Dataset extract:

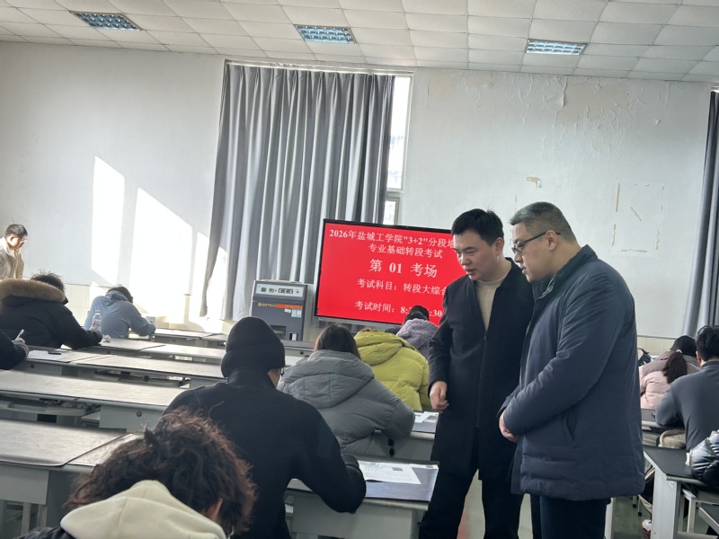 为强化联合培养本科层次技术技能型人才培养质量监控,规范考试管理,1月14日上午,盐城工学院教务处副处长孔剑锋、材料学院教学院长王金山、材料学院专业系主任张峰、教务科余志卫、王艳芳一行5人来我校开展期末巡考及交流工作。
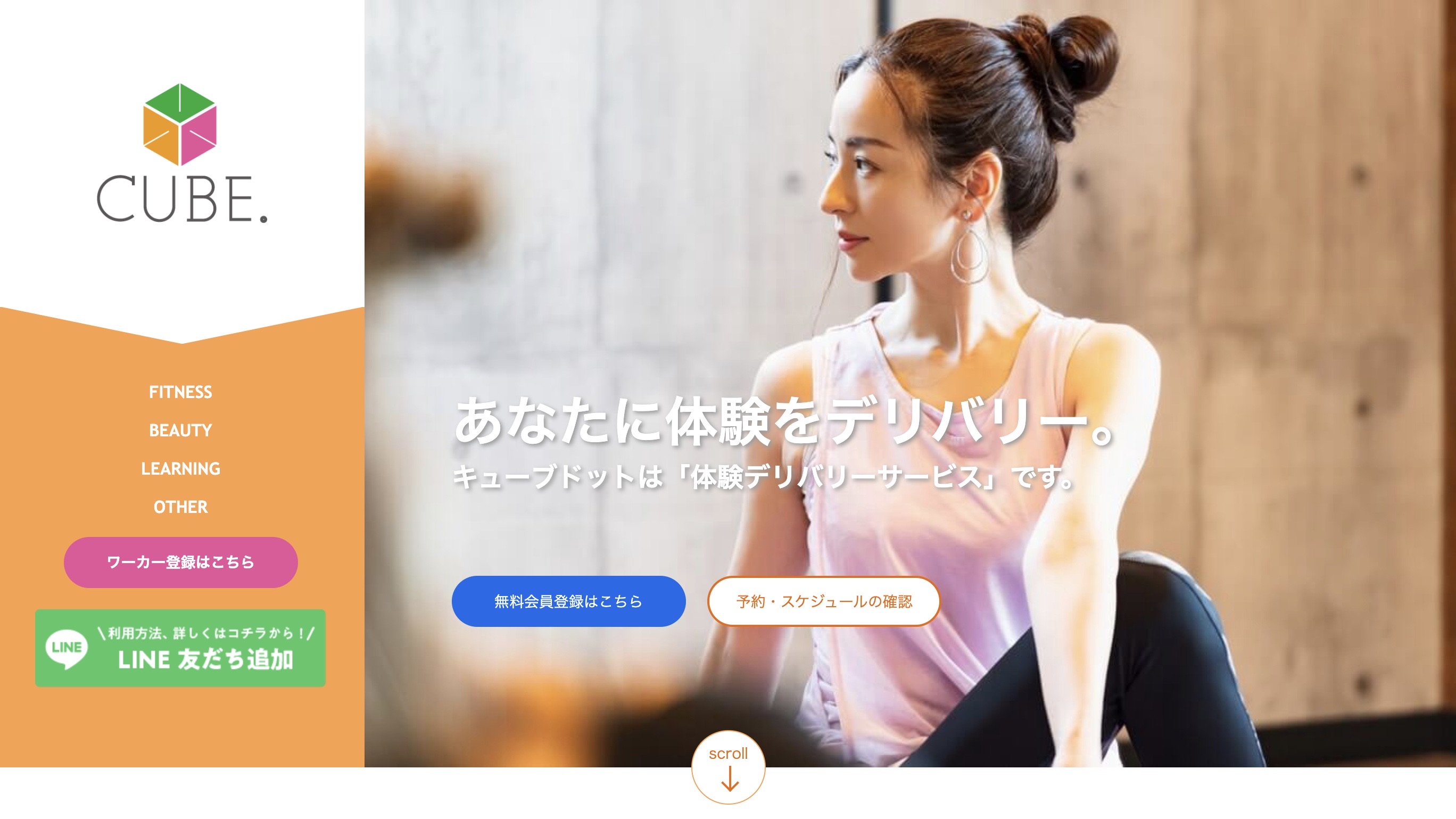 キューブドットは、フィットネス、美容・健康、学び、その他の体験を、あなたのご自宅やご指定の場所へデリバリーします。
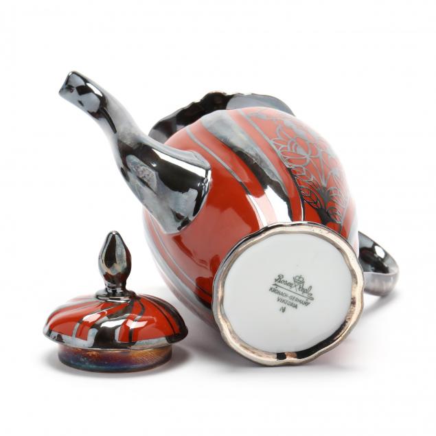 (13) pieces including: demitasse pot (6.5 in.); sugar bowl with cover; creamer; (6) cups; and (4) saucers. Each marked, circa 1920.
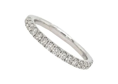 This 14K white gold diamond band features seventeen round brilliant diamonds set along the top of the ring. The total diamond weight of the band is .35 carat.
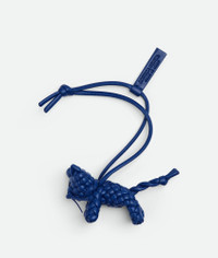 Charm realized in Intreccio nappa leather with cat shape, featuring a leather lanyard. Product Details - Intreccio nappa leather cat charm with leather lanyard - Bottega Veneta leather tag - Leather lanyard designed to be attached to any handle - Lining: Unlined - Color: Royal Blue - Made in: Italy - Product code: 835969V3D814296 Material - Material: Lambskin Size & Fit - Height: 5 cm (2.0") - Width: 8 cm (3.1") - Depth: 6 cm (2.4") - Handle drop: 17 cm (6.7")

Activity: Could you repeat, exactly and with nothing added, the lines from the top of the entries above through the line that holds "キューブドットは、フィットネ", leaving out any pictures?

Exercise answer:
 为强化联合培养本科层次技术技能型人才培养质量监控,规范考试管理,1月14日上午,盐城工学院教务处副处长孔剑锋、材料学院教学院长王金山、材料学院专业系主任张峰、教务科余志卫、王艳芳一行5人来我校开展期末巡考及交流工作。
 キューブドットは、フィットネス、美容・健康、学び、その他の体験を、あなたのご自宅やご指定の場所へデリバリーします。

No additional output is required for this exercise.